Excellent, Niki =D> 

Cheers :wink: 

Paul


----------



## gidon (5 Sep 2007)

Very clever - nice one Niki!
Cheers
Gidon


----------



## Niki (5 Sep 2007)

Thank you Paul and Gidon

Paul
"Good" is ok for me...I've never been "Excellent" at school...  

Regards
niki


----------



## NeilO (5 Sep 2007)

Another good one Niki,

Maybe you SHOULD write a book,your Jigs always seem easier to put together, and use basic workshop bits and pieces......

all hail our resident Jig Meister,Niki....


----------



## Niki (5 Sep 2007)

Thank you Neil

Book???....only when I get old and not be able to go to the garage...

Of course my jigs looks easier and made of basic materials....come to Poland and see what we have here...nothing (and that's a lot), I cannot find even a T-track...
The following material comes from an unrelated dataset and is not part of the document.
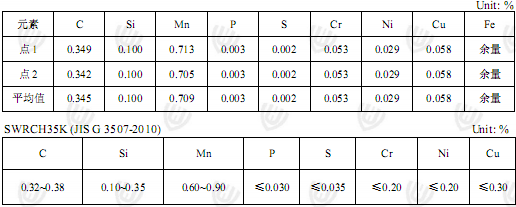 小结:以上所给成分均为质量百分比;参照JIS G 3507-2010,断裂螺栓化学成分符合SWRCH35K的规格要求。

We have here only the machines but there is no kind of, woodworking supplies like you have in UK.
The woodworking hobby is still not so popular here and, if no demand...no offer...

Regards
niki


----------



## brianhabby (5 Sep 2007)

Niki":3ghbhty9 said:


> ...I've never been "Excellent" at school...



Well Niki you might not have been excellent at school but you are here.

I think everyone looks forward to your excellent posts and this one is no exception, simple but very positive holding for small pieces.

Well done

regards

Brian


----------



## Niki (6 Sep 2007)

Thank you so much Brian

Actually, I was not even "good" at school...you can see my spelling mistakes  
When I type the text on the pictures, I don't have my "friend"...the spelling checker  

Regards
niki


----------



## keithhickson (6 Sep 2007)

The pictures of the jigs you make are excellent brilliant even, 8) I know I'm speaking as a novice  but some of the other popular jig designs are so complicated, and require so many different things to make them that I don't even try. Yours however are made of basic materials that we can obtain cheaply, if we don't already have them. Don't worry about your spelling I'd imagine your English is 100 times better than most of us know Polish :lol:


----------



## Niki (6 Sep 2007)

Thank you Keithhickson

My Polish is also very bad... :lol: 

As I replied before, the resources here are very poor and as they say in the Israeli army "That's what you have and with this, you have to win"...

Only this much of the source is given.